DAILY NEWS CLIP: January 9, 2025

FDA pushes makers of AI devices to disclose more details on testing, performance


STAT NewsThursday, January 9, 2025
By Casey Ross

The Food and Drug Administration wants the developers of medical devices that rely on artificial intelligence to disclose much more detail about how their devices were developed and tested, and what must be done to guard against safety risks in medical settings.

In a new draft guidance, the FDA calls on makers of AI devices to describe the sources and demographics of data used to train and validate their products, and disclose blindspots and potential biases that might impair performance. The information would be included in applications for approvals from the agency.

Although the document is advisory in nature and does not impose new rules on device makers, it aims to set a higher bar for companies that, until now, have gained approvals for AI products without fully describing their training, testing, and limitations. It remains to be seen whether its recommendations will be endorsed by the incoming Trump administration, or what level of cooperation the agency will ultimately get from industry.

The FDA has approved more than 1,000 medical devices that rely on artificial intelligence since the late 1990s, with the vast majority of those approvals coming in the last several years. A STAT investigation published in 2021 found that approvals were based on widely divergent amounts of clinical data, and that public summaries of approved products often lacked key details about their testing, such as how they performed in different racial subgroups.

Stanford researchers who examined AI devices cleared by the agency also spotlighted that most approvals were based on retrospective testing and were evaluated at a single site, raising concerns about hidden biases and other vulnerabilities that might hurt their performance in real-world medical settings. As a result of these and other challenges, many AI devices approved by the agency have failed to gain widespread adoption by doctors and provider networks, despite device makers’ promises that AI would help improve many aspects of medical care.

James Zou, a Stanford scientist who led that research, said makers of AI devices have begun to more regularly report sample sizes and the results of testing at multiple sites and within demographic subgroups. But he noted that evaluation of AI devices remains almost entirely retrospective, meaning that performance is evaluated on historical data, but not within a live setting where other factors can bear on the AI’s utility and effects on patient care.

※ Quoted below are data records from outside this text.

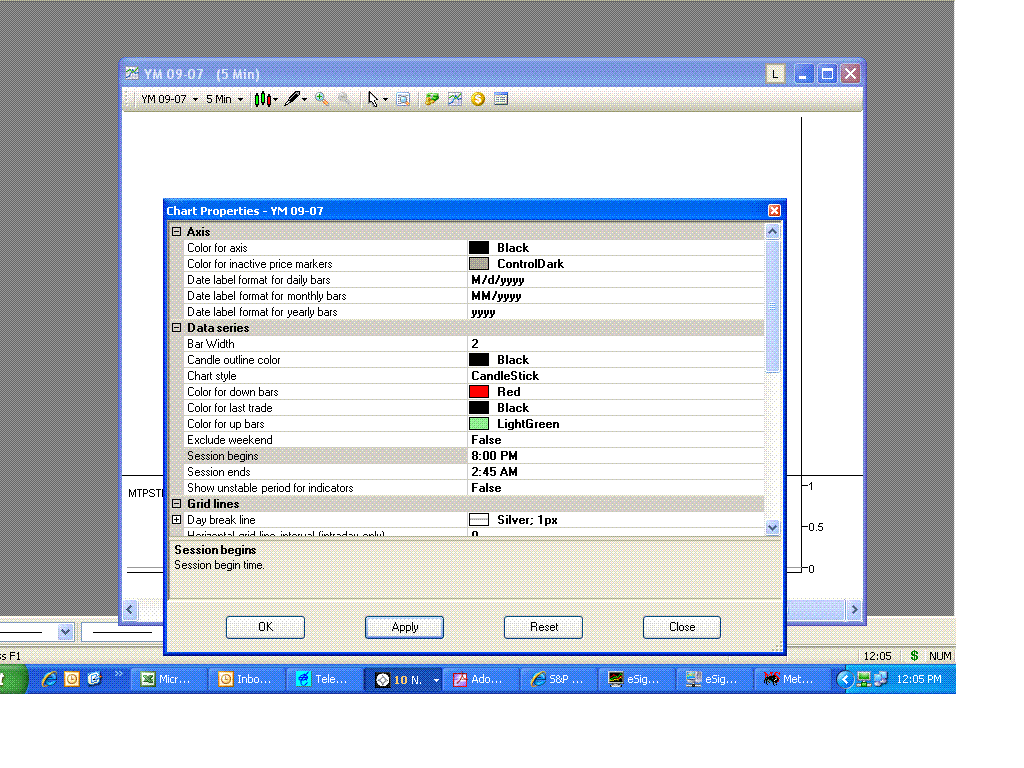 I am located in India which is IST:- GMT + 5.30 hrs. As per IST central time will translate as 8:30 PM to 2:45 AM as trading hours for US stock markets. When i try to put IST in Dow mini charts I am not getting the data on the chart. Attached is the picture. What am I doing wrong.Tags: None
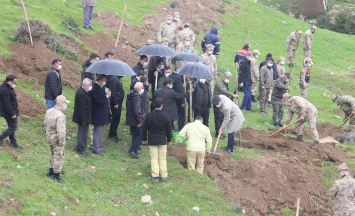 Kilis’te, Orman İşletme Müdürlüğü tarafından Dünya Ormancılık Günü nedeniyle Suriye sınırında düzenlenen fidan dikimi yağmur altında yapıldı.
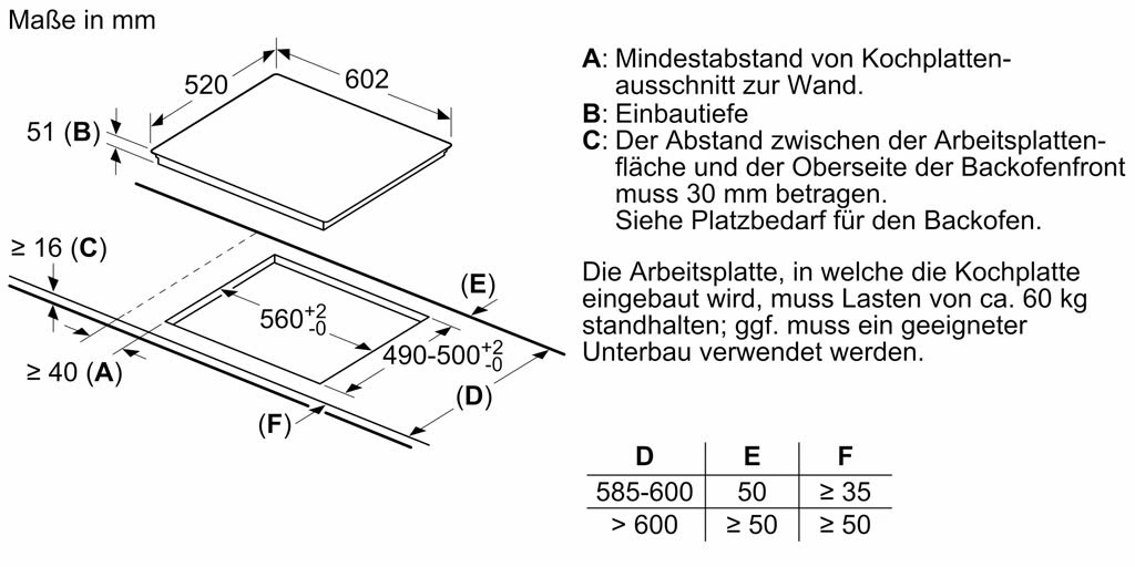 - Kích thước mặt bếp (CxRxS) (mm): 51 x 602 x 520
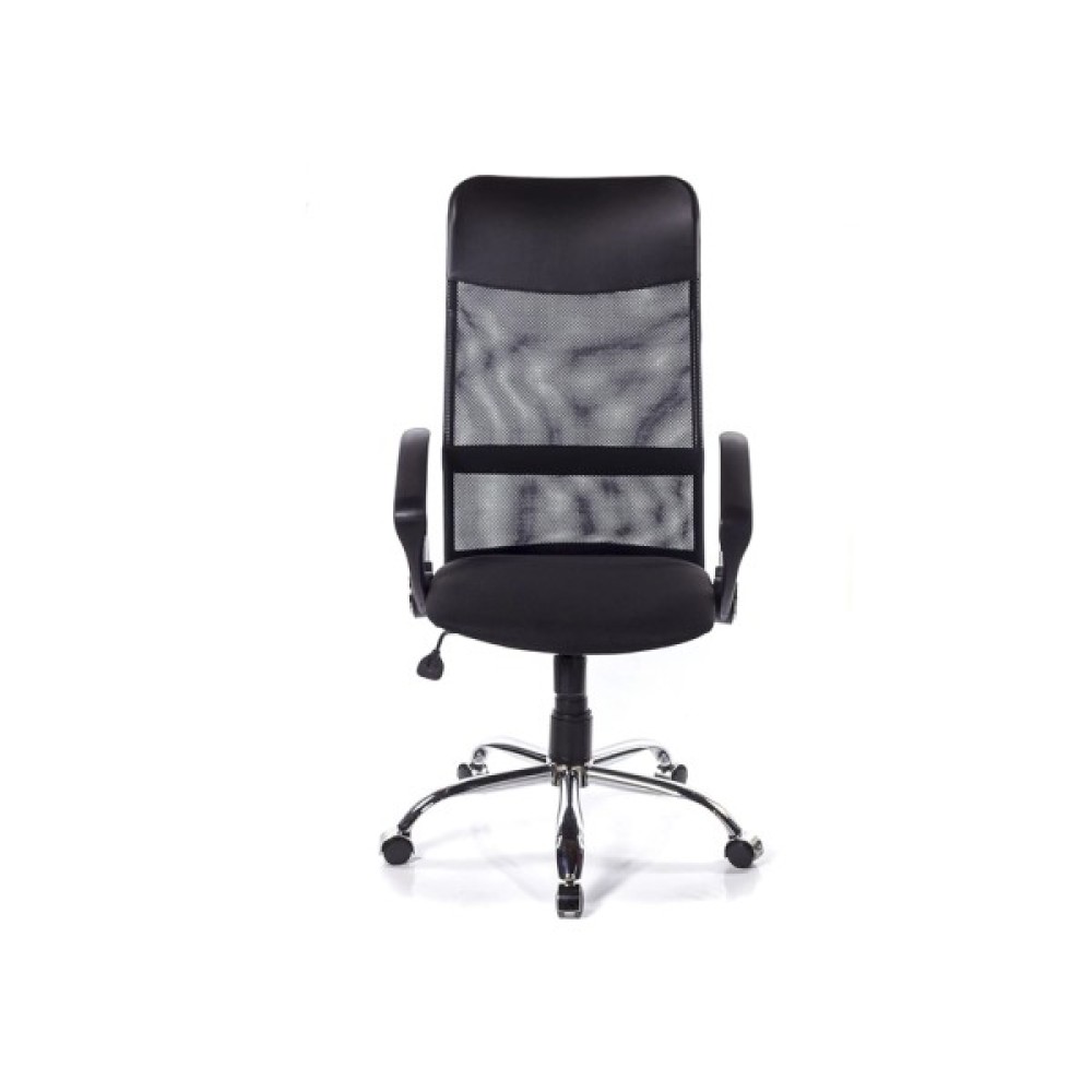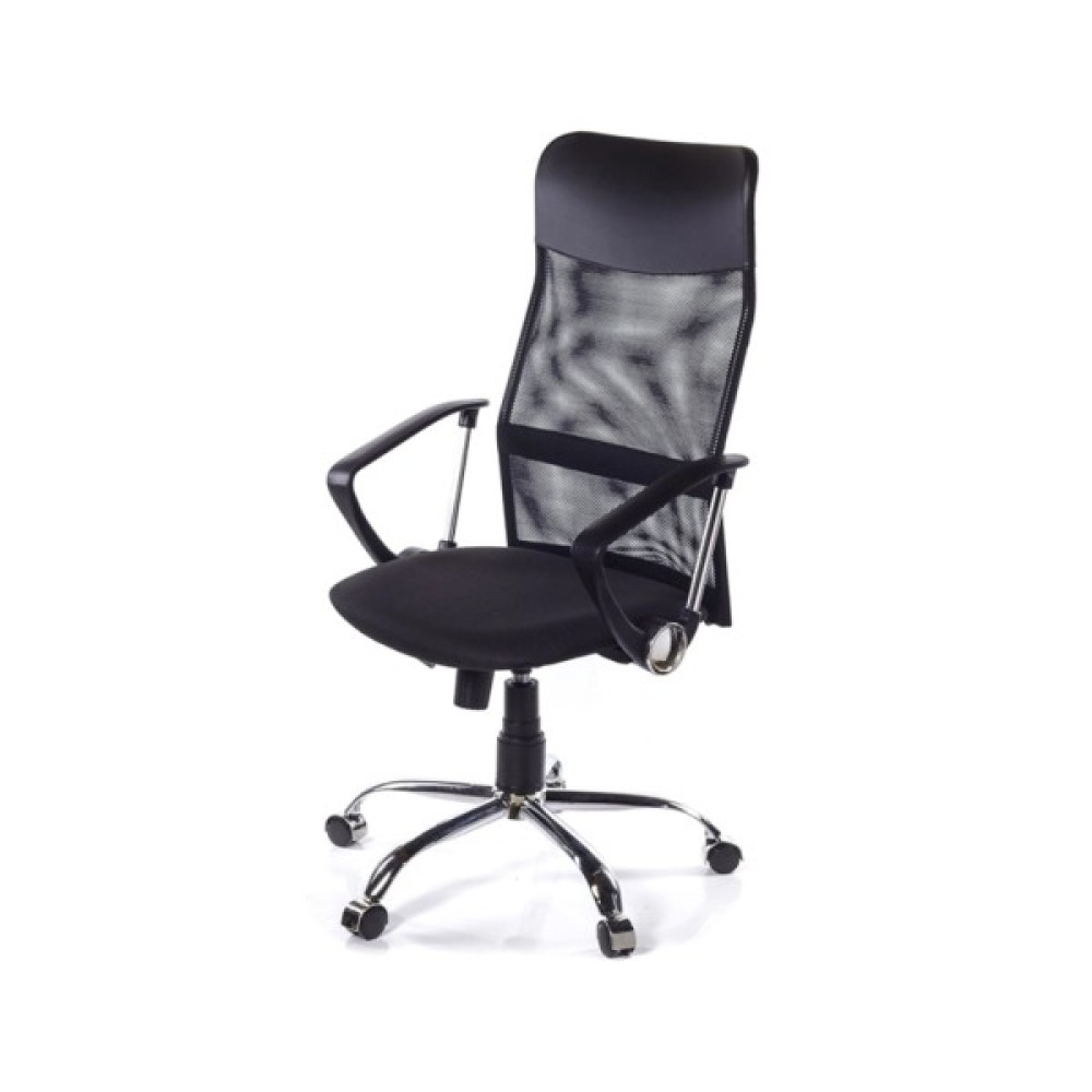 Підлокітники. У даній моделі стильні комбіновані підлокітники: одна з опор з хромованого металу, а інші деталі з чорного пластику. Робоча поверхня пластику текстурована, завдяки чому руки не зісковзують в процесі роботи. Металева вставка гармонує з хромованою хрестовиною, створюючи єдиний завершений ансамбль. Висота підлокітників в нижньому положенні газліфта має висоту, яка дає можливість засунути крісло під робочий стіл для звільнення навколишнього простору.
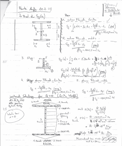 Ich soll das statische Moment S1 bestimmen, wenn man S2 berechnet, dann funktioniert das ja durch Int (x* f(x) ) In diesem Fall setzte ich dann y in meine Funktionen ein, jedoch ist x gleich y und es kommt nicht 2333 raus. Außer den schon bekannten Größen lediglich noch das statische MomentS(z) für den jeweils vorliegenden Balkenquerschnitt zu berechnen Für z = z o verschwindet die Stirnfläche des Elements, so daß S(z o)=0ist Für z = z u (untere Kante des Balkens) ist S(z u) gleich dem statischen Moment der gesamten Querschnittsfläche;. Berechnung einer Holzstütze Baupläne und Bauanleitungen für Holzbauprojekte finden Sie hier !!!.
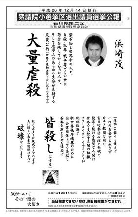 すべての候補予定者がカルト宗教がらみという“究極の3つ巴”に陥りかけていた石川選挙区。ここに「大量虐殺」の浜崎氏が加わる見通しが出てきたことで、さらに混沌としてきました。今回の参院選で浜崎氏がどのような公約を掲げるのか、注目されます。
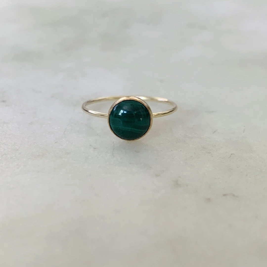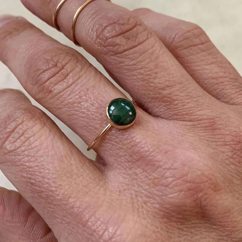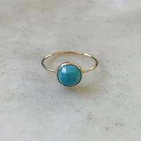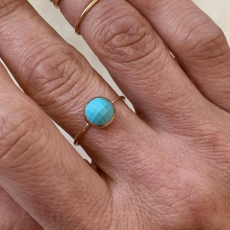 Dawson set these 8-millimeter capuchin stones into gold-filled wire rings sourced from Albuquerque!
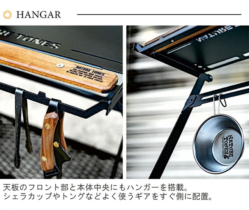 シェラカップやトングなどよく使うギアをすぐ側に配置。
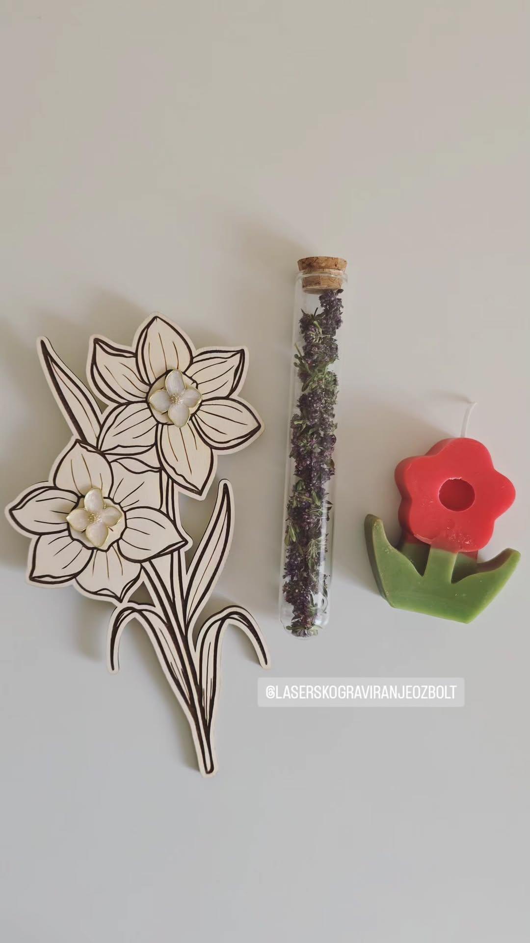 Komplet vsebuje: – dišeča svečka v obliki rožice – eprveta z posušeno materino dušico – leseno rožico z uhani
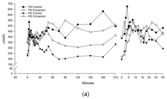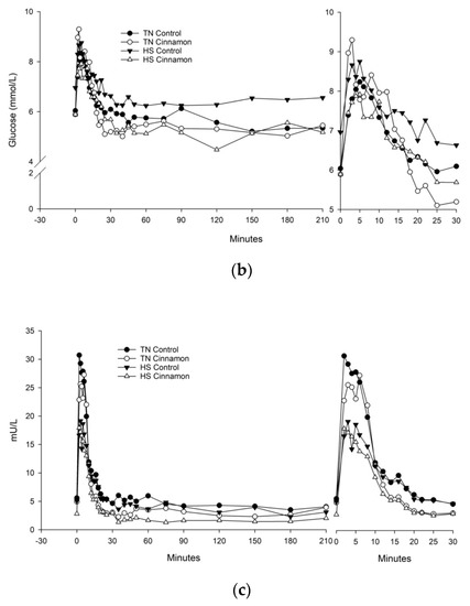 Difference in glucose and insulin responses to the IVGTT were quantified using area under the curve analysis (AUC), calculated by the trapezoidal rule. Results of the IVGTT were quantified with minimal modelling using a computer program [21]. Parameters calculated by MINMOD were: basal glucose (Gb); basal insulin (Ib); insulin sensitivity (Si), which quantifies insulin stimulated disposal by GLUT-4; glucose effectiveness (Sg), which quantifies insulin independent glucose disposal by GLUT-1; acute insulin response to glucose (AIRg), which reflects the acute insulin secretion and pancreatic responsivity; disposition index (DI = AIRg × Si), which combines the parameters of insulin responsiveness and insulin dependent glucose disposal. Paradigm modelling of the homeostatic measures (HOMA) β-cell function and insulin resistance were calculated by MINMOD. A Quantitative Insulin sensitivity Check Index (QUICKI) was calculated from Gb and Ib (1/log Gb + log Ib), plus a modified QUICKI (mQUICKI) to include basal NEFA (1/log Gb + log Ib + log NEFAb) [22]. Paradigm modelling was performed on the average of baseline (−30, −15 and −1 min). Four pigs were excluded from the modelling due to a lack of fit, with the final replication per treatment being nine, six, eight and eight for TN control, TN cinnamon, HS control and HS cinnamon, respectively.
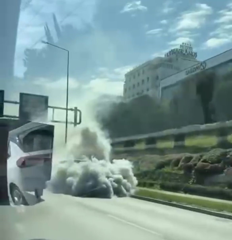 Aracın motor kısmından yükselen yoğun dumanlar nedeniyle sürücüler büyük endişe yaşarken, olay yerine itfaiye ve polis ekipleri sevk edildi.
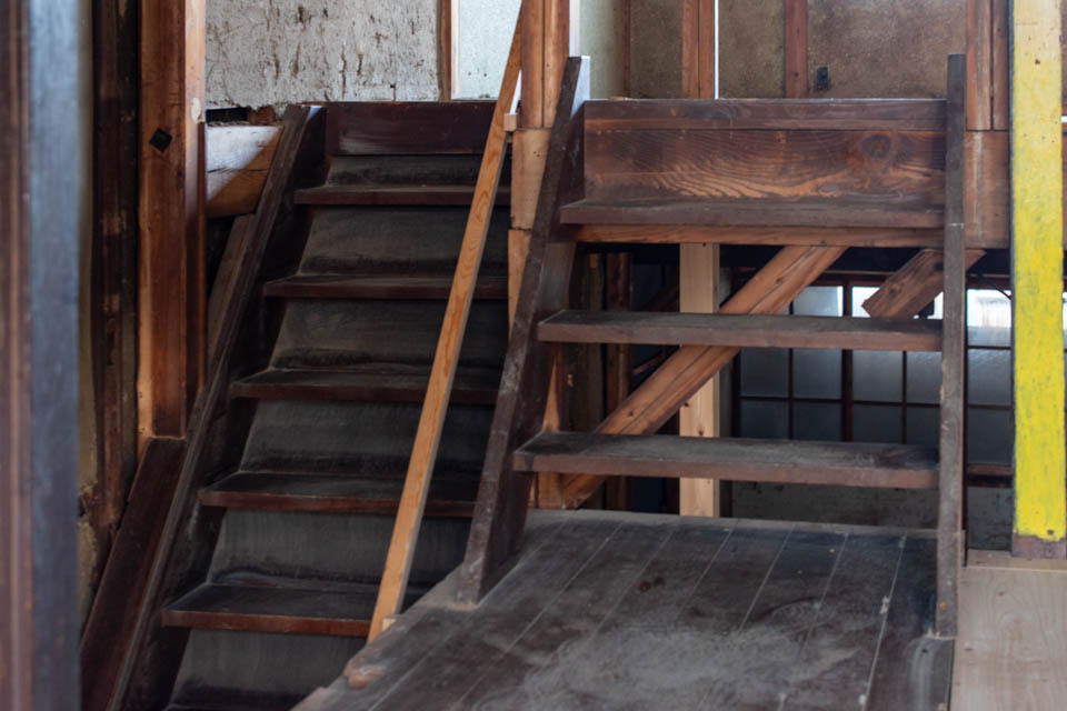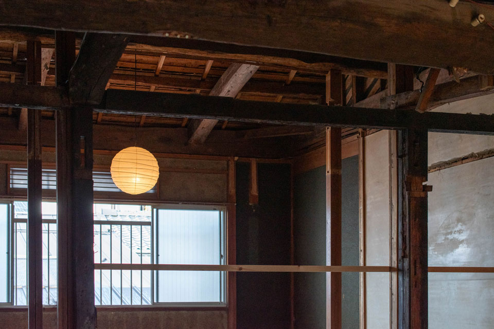 Unique details can still be found throughout the house, such as rare plaster walls with subtle glitter finishes, aged wooden pillars, and original wall textures that reflect the charm developed over many years. These elements provide an opportunity to create a one-of-a-kind renovated Kyoto townhouse.

“If it’s supposed to be a decision support tool what you really care about is does this actually help the clinicians to make better decisions,” Zou said. “And that’s something that you really cannot easily infer from a standalone retrospective analysis.”

The FDA guidance does not specifically call for more testing in live clinical settings as a condition of getting approvals. But it does recommend that device makers submit a plan for monitoring the performance of their devices in clinical settings after they are cleared for commercial use. The plan would identify potential changes in performance and establish protocols for monitoring the device’s accuracy and intervening if its outputs become faulty.

The draft guidance, published earlier this week, lists recommendations for disclosures across the stages of a product’s development and use. It calls on device makers to describe the sources of their data, sample sizes and methods of clinical studies, and the limitations and risks of their products. It also asks for those details to be included on an AI device label that would include additional information on the product’s performance across different demographic groups and types of patients.

Additionally, the document calls for much of the above information to be included in a public summary to be posted on the agency’s web site. The FDA noted in its draft guidance that the public is clamoring for more information about how AI devices are being evaluated and applied in their care.

“The public has consistently called for additional information about how FDA makes authorization decisions about AI-enabled devices, as well as more information about the design and validation of these devices,” the draft guidance states, adding that such information would improve the public’s understanding of AI and its overall trust in the technology.

Zou said improving education around the design and use of AI is especially important as it gets embedded into different aspects of medical decision-making and patient communication. The draft guidance is primarily focused on machine learning and predictive tools designed to help caregivers detect and diagnose illnesses.

But Zou said the FDA also must grapple with the advent of generative AI, an increasingly powerful subtype of the technology that can analyze multiple forms of data and produce responses to a range of prompts. The technology, increasingly used to communicate with patients, poses much different challenges than the task-specific tools the FDA is used to regulating.

“If I have a chatbot, and more generally an AI agent, it’s actually very different from a tool,” Zou said, noting that it can be used to analyze several different sources of information at once. “It’s really much more of a teammate, in the form of an AI agent. All the things in this guidance need to be revamped for this coming wave of agentic AI.”

The FDA’s digital health advisory committee recently held a meeting to discuss the uptake of generative AI and the regulatory implications of its expanded use. “It’s a whole new world that I believe is going to be coming to us very rapidly,” Zou said.